SELECT * FROM settings WHERE name = 'timezone' LIMIT 1;
INSERT INTO settings (name) VALUES ('timezone') RETURNING id;
UPDATE settings SET value = 'UTC+1' WHERE id = 1;
...
COMMIT;
We can see why this doesn’t work: we’re treating the settings
table as a
Location
– not an individual record in the table, but the table itself. We
read from the table to check if any records with a certain name
exist, and
then based on the result of that we write to the table to add an additional row,
which always succeeds. Since this operation can be characterised by the
Location
type, it is inherently prone to race conditions. In this case, it
means two tasks can both run the first SELECT
, both see that no matching
records exist, and therefore both INSERT
one.
Task 1 | Task 2
--------------------------------+--------------------------------
SELECT * FROM settings ... |
--> no results |
| SELECT * FROM settings ...
| --> no results
BEGIN |
| BEGIN
INSERT INTO settings ... |
| INSERT INTO settings ...
COMMIT |
| COMMIT
Putting the INSERT
in a transaction here does not give us any protection from
the database – these INSERT
queries are both valid, and don’t conflict with
each other since the database doesn’t know name
needs to be unique. So, all
the above queries succeed and two INSERT
queries are done with the same
name
.
This race condition is an example of write skew: two transactions read from
the same set of records, and then both write something that would be valid on
its own, but invalidates a decision made by the other transaction. In this case,
both transactions decide to create a record with name = 'timezone'
because
they believe that none exists, but when both are committed then our requirement
that name
is unique has been violated. It’s a race condition because if these
tasks were executed sequentially, this mistake wouldn’t happen: the later task
would see the record insert by the earlier one, and decide to do nothing.
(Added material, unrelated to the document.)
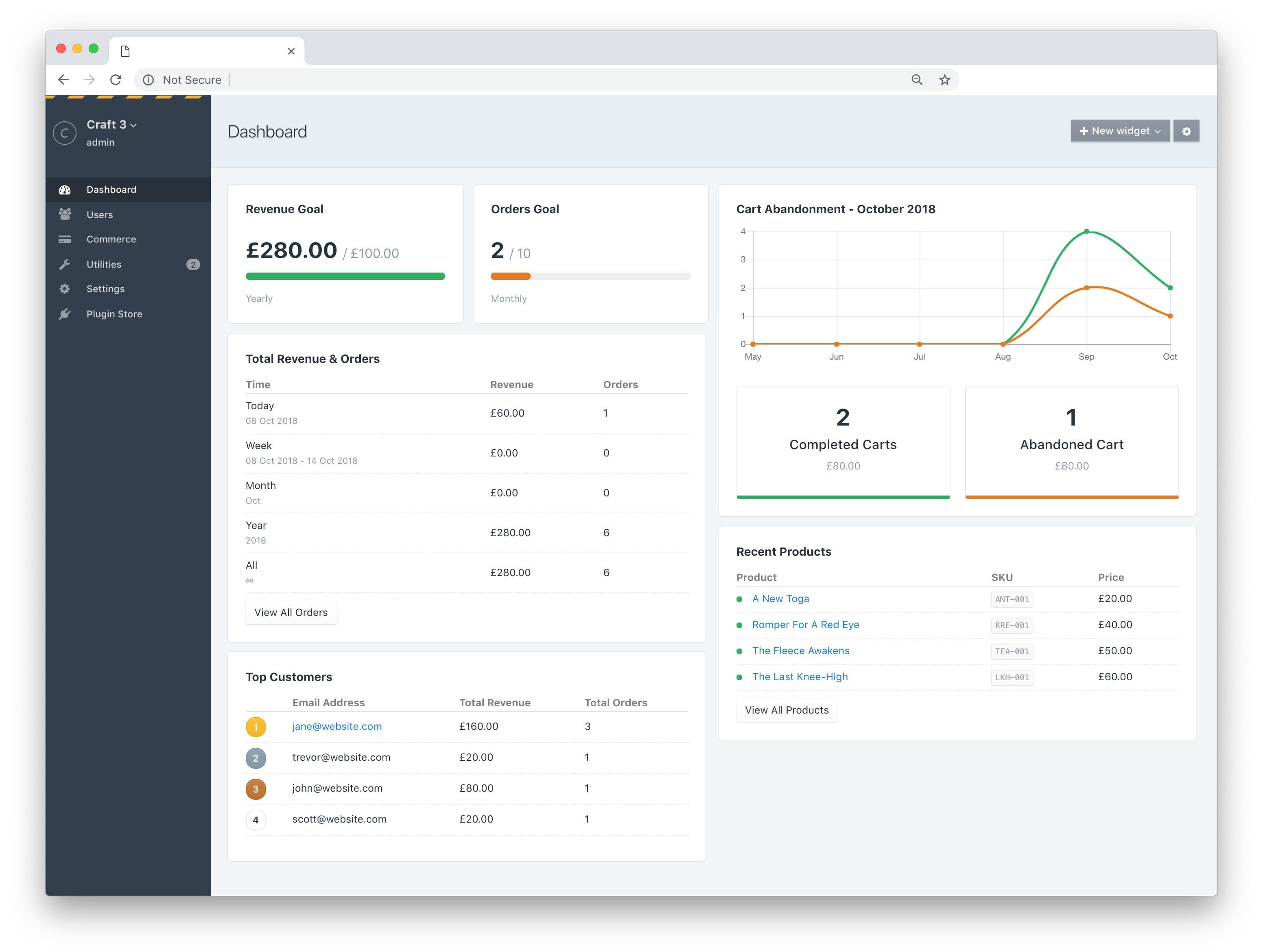 This plugin is a bundle of different widgets to choose from and include on Crafts dashboard. To name a few widgets included, you have access to a range-specific revenue chart, top product listings, cart abandonment statistics and customisable periodic goals.

A lost update can be viewed as a special case of write skew in which both
writes go to the same location, and so one overwrites the other. In general,
write skews involve both writes being kept and together creating an invalid
state. When we examined lost updates with the counters
example, we saw that in
PostgreSQL the repeatable read isolation level can detect lost updates and
reject the transactions that cause them. Some write skew scenarios can be
detected this way, but not all, because in general the writes affect different
records.
They also can’t be addressed by locking. For example, let’s try using the lock
method inside a transaction and look at the generated SQL:
class Setting
def self.set_value(name, value)
transaction do
setting = lock.find_or_create_by(name: name)
setting.update(value: value)
end
end
end
As expected, this generates a FOR UPDATE
clause on the initial SELECT
.
However, it does not prevent the race from happening, because FOR UPDATE
locks
the records that happen to match the WHERE
clause right now, it does not
prevent new records matching the clause being created, existing records being
deleted, or existing records being modified to match.
BEGIN;
SELECT * FROM settings WHERE name = 'timezone' LIMIT 1 FOR UPDATE;
INSERT INTO settings (name) VALUES ('timezone') RETURNING id;
UPDATE settings SET value = 'UTC+1' WHERE id = 1;
COMMIT;
That is, it locks specific records, rather than the abstract set of { all
records where name = 'timezone'
}. Therefore, two transactions can both run
the INSERT
query and create a duplicate record in the process.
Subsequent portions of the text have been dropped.